= Vera Security =

Vera is an enterprise data security and information rights management platform that provides encryption and tracks and controls digital information shared across users, devices, applications, and platforms. It offers developers access to its IRM-as-a-service (IRMaaS) platform via a REST API and downloadable software development kit.

== History ==

Vera launched its product in April 2015. Within the first year of operations, Vera announced partnerships with Dropbox, Okta, and Centrify, as well as strategic integrations with Box, VMware, and Microsoft Office. Vera focuses its sales and marketing efforts on large enterprises in industries such as financial services, media & entertainment, manufacturing, and technology sectors.
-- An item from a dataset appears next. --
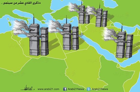 وعربيا نشر موقع عربي 21 كاريكاتير تحت عنوان “ذكرى الحادي عشر من سبتمبر” يوضح من خلاله ما قامت به الولايات المتحدة في الشرق الأوسط بعد هجمات سبتمبر

In 2020, Vera Security was acquired by HelpSystems, now known as Fortra, for an undisclosed sum.

== Awards ==

Vera was nominated as a top 10 finalist for the Innovation Sandbox competition at RSA Conference 2016, and CRN Magazine named Vera one of the "10 Coolest Security Startups of 2015".

== Funding ==

Vera is a privately funded company with $31 million in venture financing. The company announced a $14 million Series A round in November 2014, which included the hiring of Robin Daniels as CMO. In February 2016, Vera announced a $17 million Series B round, led by Sutter Hill Ventures, with participation from existing investors, Battery Ventures, Amplify Partners, and other private investors. In May 2016, Capital One Growth Ventures joined the company's Series B round of financing and founding CEO of Veritas Software, Mark Leslie, joined Vera's board of directors. Roger Lee (Battery Ventures) and Stefan Dyckerhoff (Sutter Hill Ventures) also serve on the company's board.

== Product architecture ==

In March 2016, Vera announced its SDK, which allows developers to add encryption, tracking, policy enforcement, and access control to custom and legacy business applications.